*WORK ITEM*:
The reply should contain the full listing exactly as written and no pictures at all.

** ENTRIES PROVIDED follows **

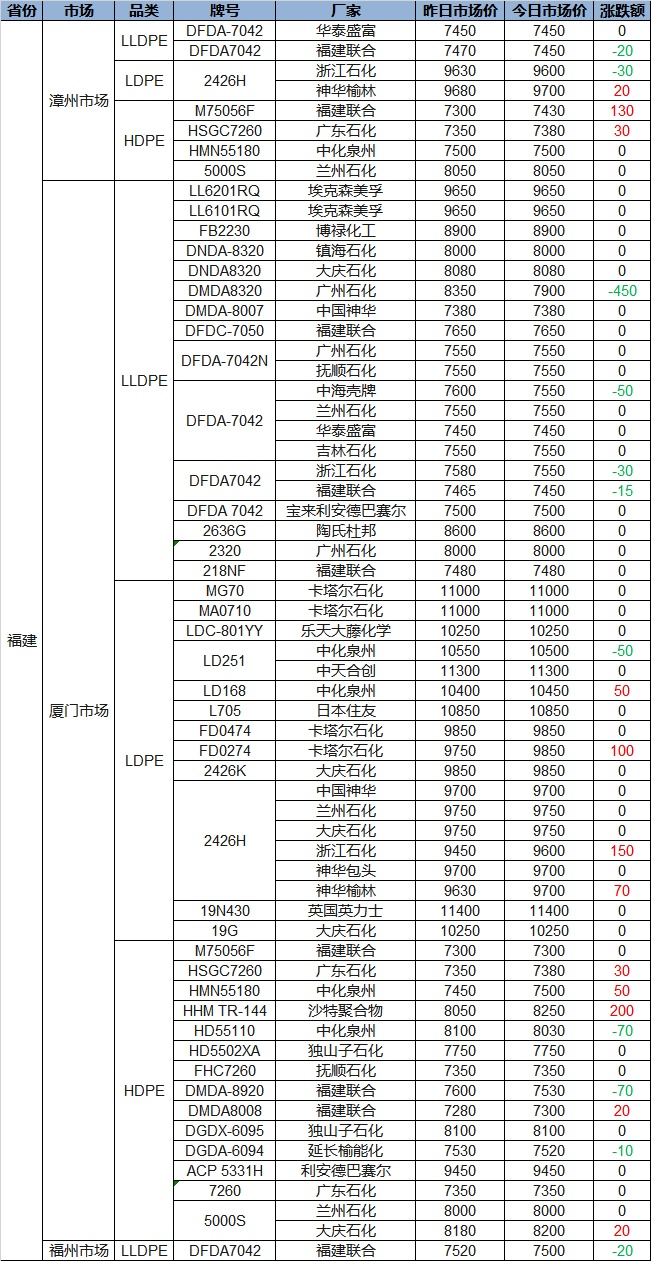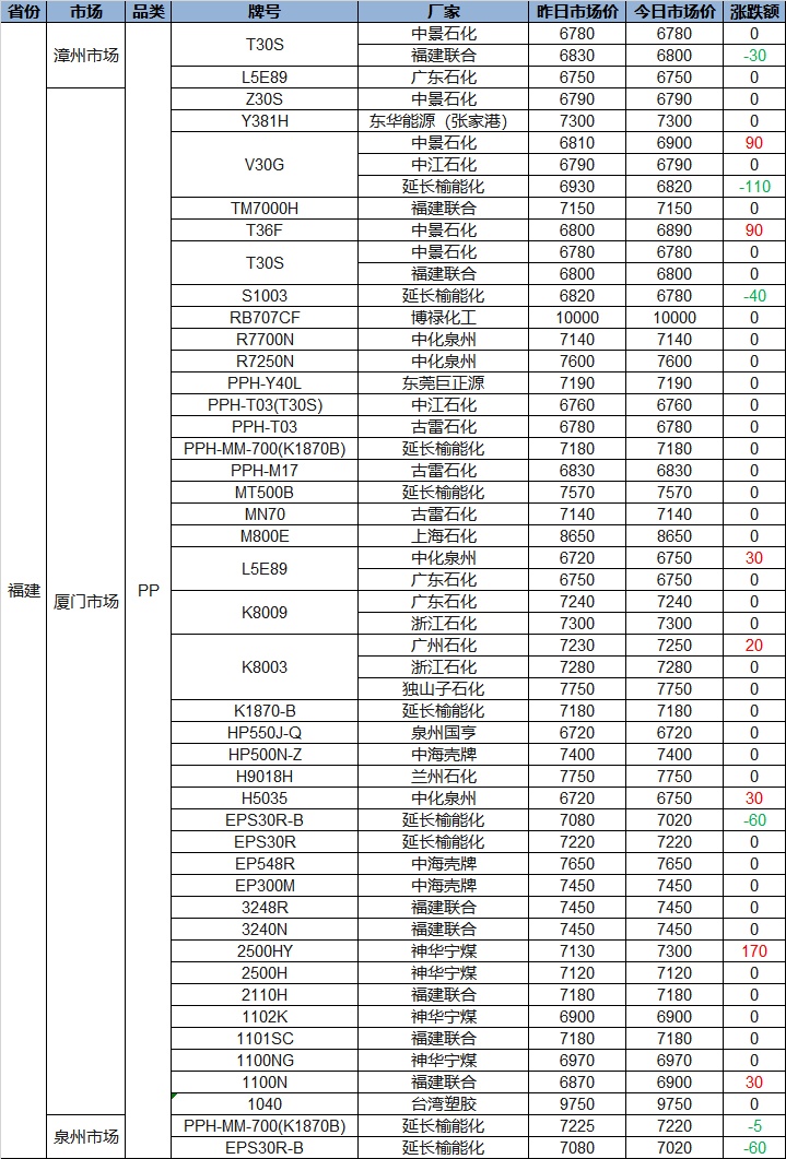 Today PP and PE Fujian Plastic Prices Show Mixed Trends! PP Rises Up to 170, PE Falls Up to 450
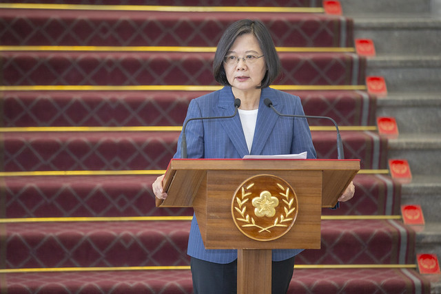 Around noon on August 1, President Tsai Ing-wen delivered remarks in the Entrance Hall of the Presidential Office Building regarding China's decision to bar its citizens from independent travel in Taiwan, and its recent military exercises.
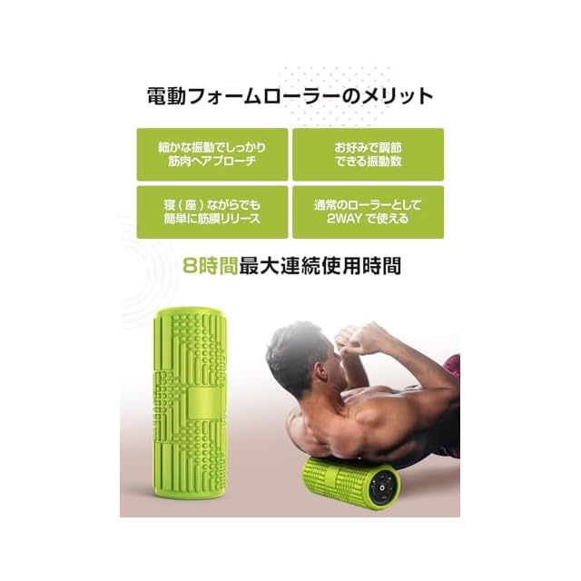 【高品質のEVA素材&適度柔軟さ】この電動フォームローラーは高品質のEVA素材を使用し、丈夫さ、耐久性と柔軟性を兼ね備えて、人体と環境にもやさしいです。さらに、最大耐荷重は180kgですから、毎日利用しても、形が変化せず、長くお使いいただけます。※EVA 素材特有のにおいがする場合がございます。開封後、風通しの良い場所で2、3日置いておくことで軽減されます。
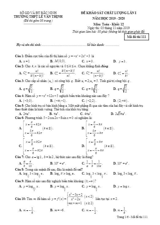Đề KSCL Toán 12 lần 1 năm học 2019 – 2020 trường Lê Văn Thịnh – Bắc Ninh
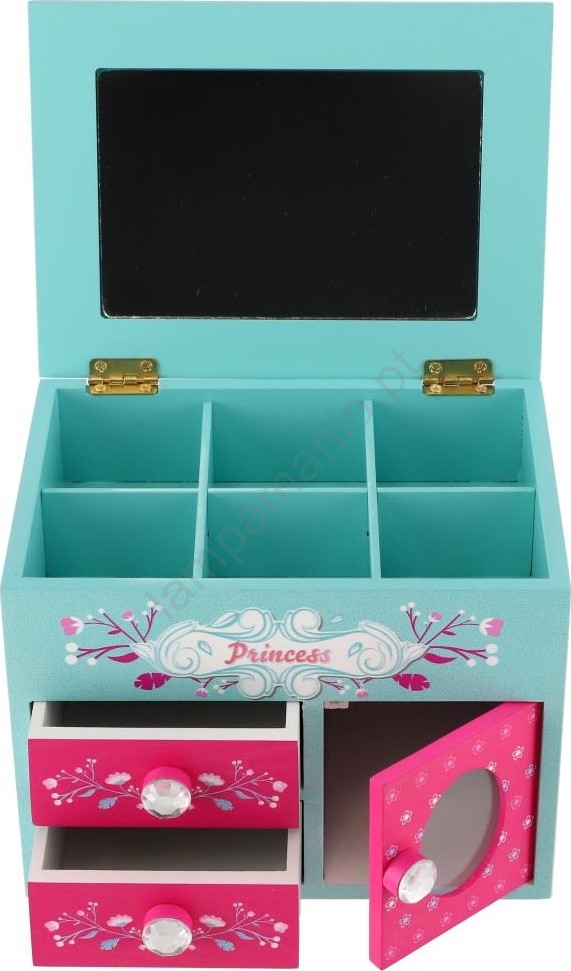 Caixa de jóias com espelho PRINCESS rosa/azul
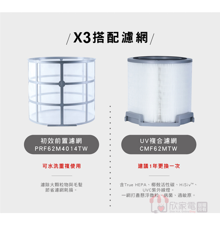 ※貼心提醒:此耗材適用於「X620S(X3) 空氣清淨機」購買前請先確認您的機型!
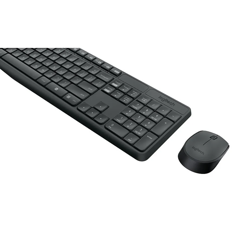 Control your computer with this practical Logitech MK235 keyboard and mouse set. The USB wireless design is easy to install so you can get to work faster, and the optical tracking on the mouse provides accurate, smooth movement. This keyboard set is made from heavy, durable materials to help it withstand busy offices and daily use, and the full-size and standard layout makes it easy to type and enter data. The mouse and keyboard come in standard black color for a professional look.
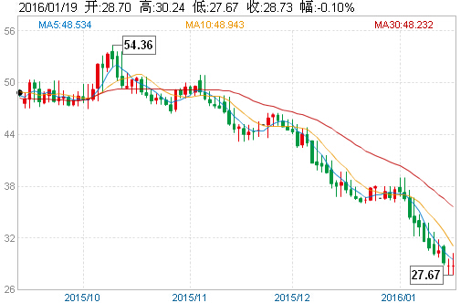 紐約時間1月19日14:30,NYMEX2月原油期貨合約收報每桶28.46美元,下跌0.96美元,或3.26%,為2003年9月以來的最低水平。美國市場周一因公共假日閉市。

** End of ENTRIES PROVIDED **

*OUTPUT OF THE TASK*:
 Today PP and PE Fujian Plastic Prices Show Mixed Trends! PP Rises Up to 170, PE Falls Up to 450
 Around noon on August 1, President Tsai Ing-wen delivered remarks in the Entrance Hall of the Presidential Office Building regarding China's decision to bar its citizens from independent travel in Taiwan, and its recent military exercises.
 【高品質のEVA素材&適度柔軟さ】この電動フォームローラーは高品質のEVA素材を使用し、丈夫さ、耐久性と柔軟性を兼ね備えて、人体と環境にもやさしいです。さらに、最大耐荷重は180kgですから、毎日利用しても、形が変化せず、長くお使いいただけます。※EVA 素材特有のにおいがする場合がございます。開封後、風通しの良い場所で2、3日置いておくことで軽減されます。
Đề KSCL Toán 12 lần 1 năm học 2019 – 2020 trường Lê Văn Thịnh – Bắc Ninh
 Caixa de jóias com espelho PRINCESS rosa/azul
 ※貼心提醒:此耗材適用於「X620S(X3) 空氣清淨機」購買前請先確認您的機型!
 Control your computer with this practical Logitech MK235 keyboard and mouse set. The USB wireless design is easy to install so you can get to work faster, and the optical tracking on the mouse provides accurate, smooth movement. This keyboard set is made from heavy, durable materials to help it withstand busy offices and daily use, and the full-size and standard layout makes it easy to type and enter data. The mouse and keyboard come in standard black color for a professional look.
 紐約時間1月19日14:30,NYMEX2月原油期貨合約收報每桶28.46美元,下跌0.96美元,或3.26%,為2003年9月以來的最低水平。美國市場周一因公共假日閉市。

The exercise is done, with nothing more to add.